::: Working data
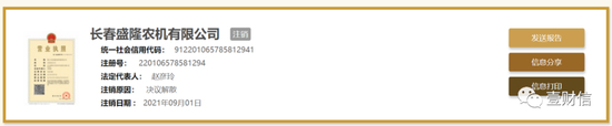 此外,沃得农机招股书还显示公司在2022年1-6月还对客户长春盛隆农机有限公司存在销售额,但企查查却显示该客户在2021年9月就已经注销。
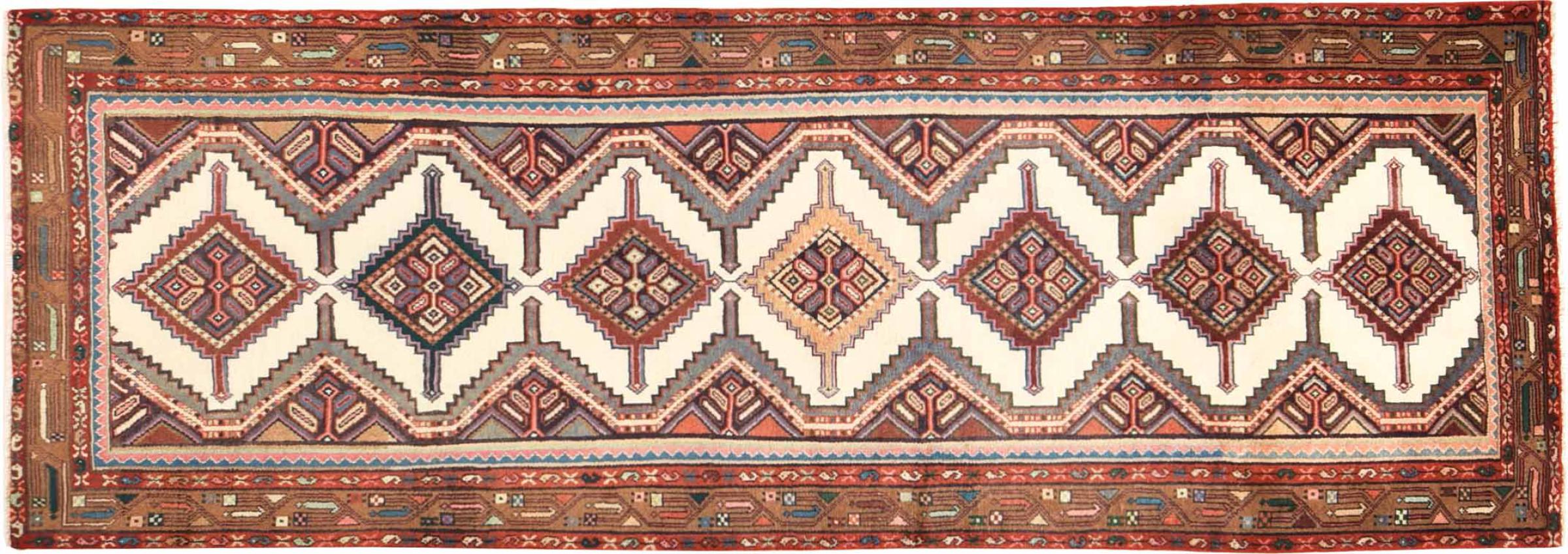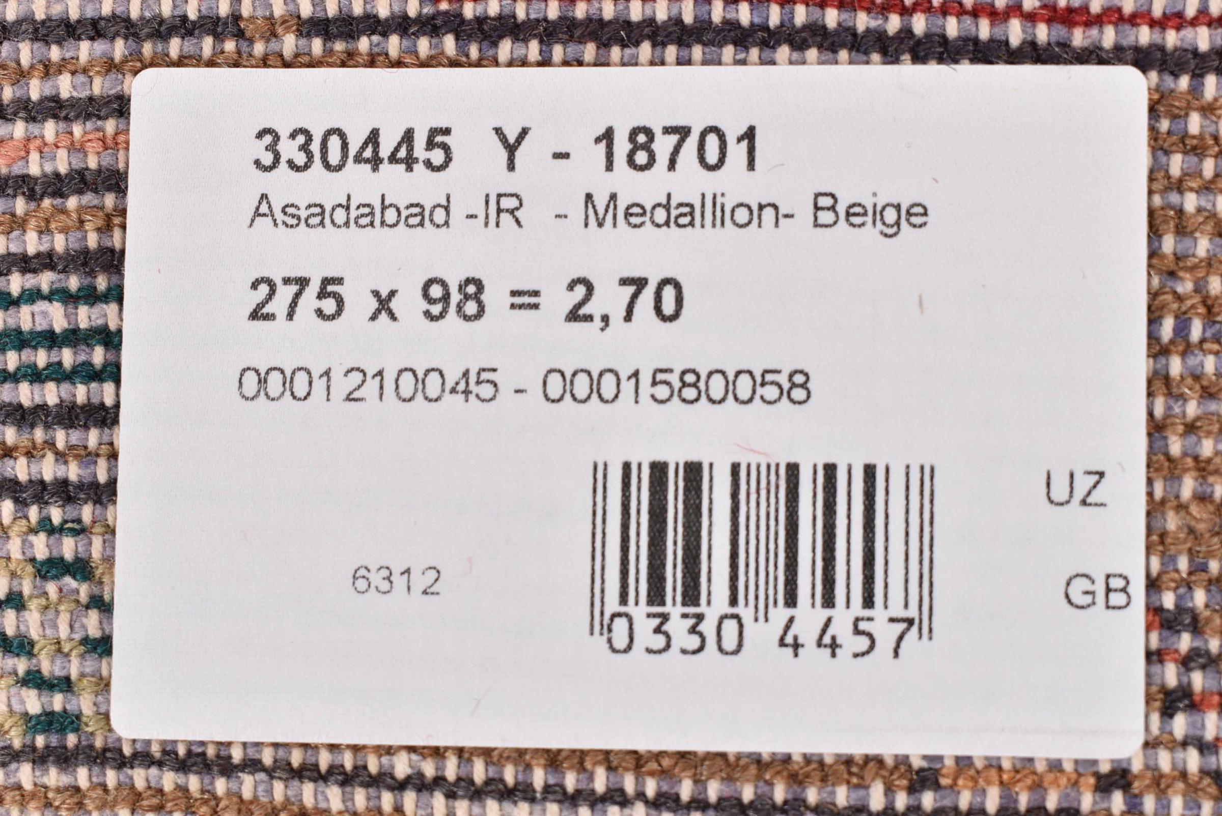 Carpet ID: 300878005575160 Size: 276x99 cm Thickness: ap. 10 mm Knot density: 128 000 - 160 000 / m² Manufacturing: Knotted by hand Pile: Handspun wool Warp: Cotton Origin: Persia Age: New Weight: ap. 10 kg Also know as Huseinabad In stock: Unique - Only 1 in stock
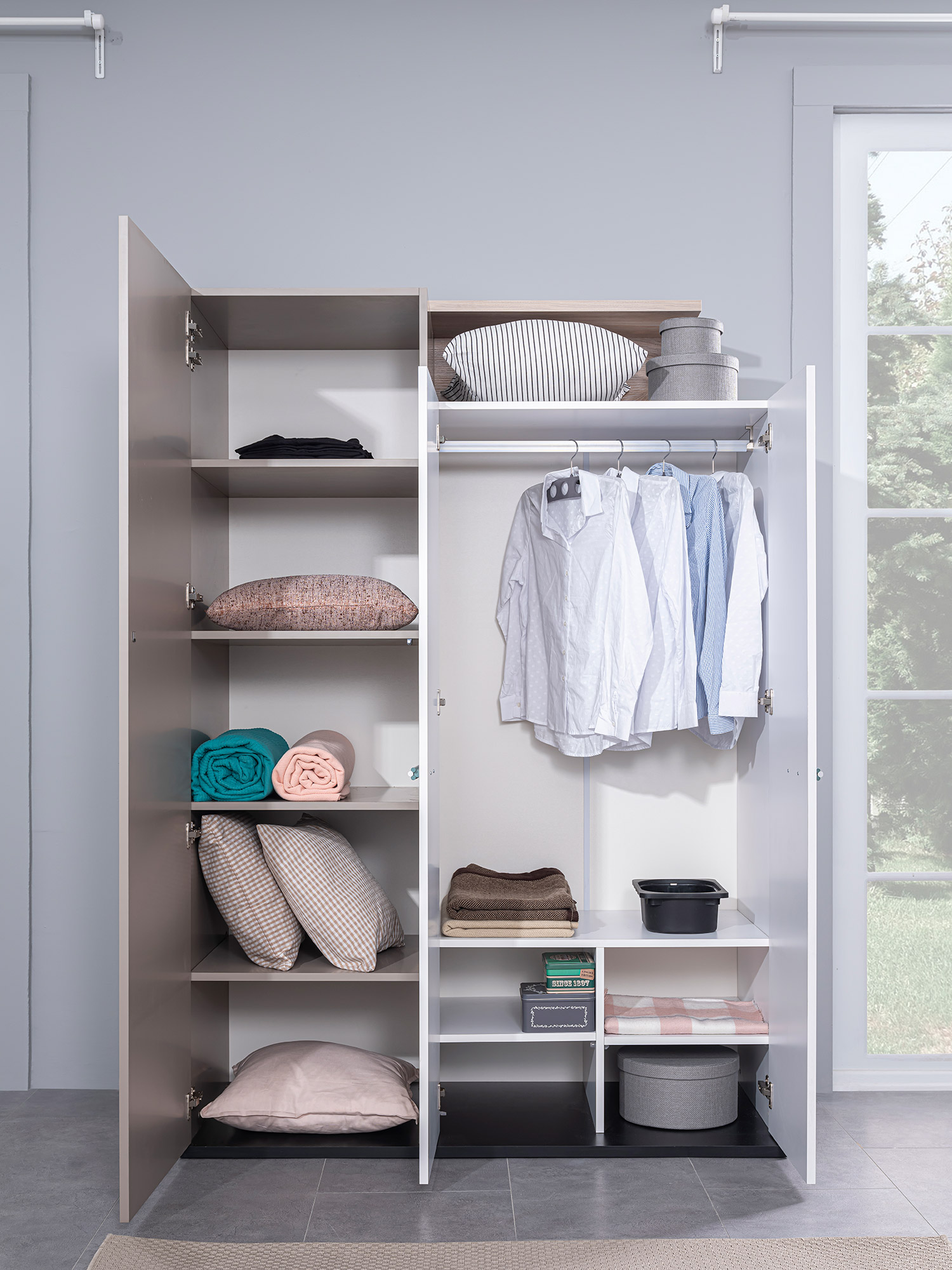 Gardropta kullanılan çekmece, raflar ve askılıklar ile birlikte ürüne fonksiyonellik kazandırılarak zengin bir kullanım alanı oluşturulmuştur.
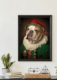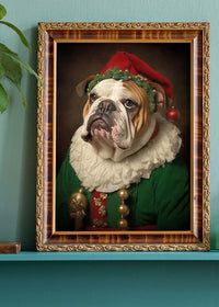 Christmas Elf Bulldog Animal Portrait Print
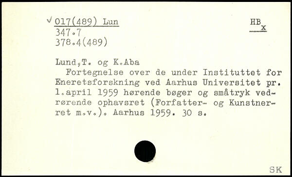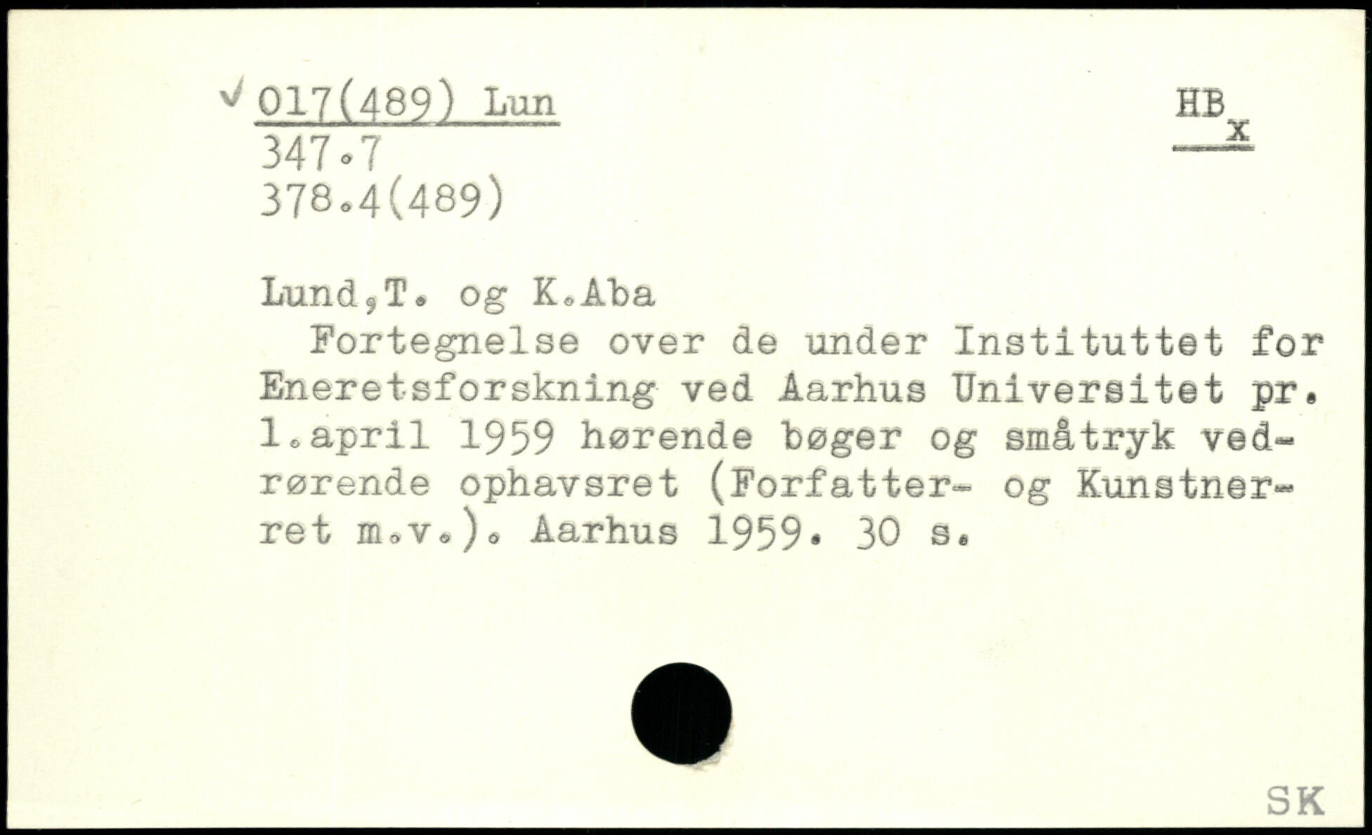 Fortegnelse over de under Instituttet for Eneretsforskning ved Aarhus Universitet pr. I,april 1959 hørende bøger og småtryk vedrørende ophavsret (Forfatter- og Kunstnerret m<,v.)o
::::::
*Activity*:
From the line containing "Gardropta kullanılan çekmece, raflar" down to the last line of the entries above, retype each line exactly as it stands, but skip the pictures.

*Answer to this exercise*:
 Gardropta kullanılan çekmece, raflar ve askılıklar ile birlikte ürüne fonksiyonellik kazandırılarak zengin bir kullanım alanı oluşturulmuştur.
 Christmas Elf Bulldog Animal Portrait Print
 Fortegnelse over de under Instituttet for Eneretsforskning ved Aarhus Universitet pr. I,april 1959 hørende bøger og småtryk vedrørende ophavsret (Forfatter- og Kunstnerret m<,v.)o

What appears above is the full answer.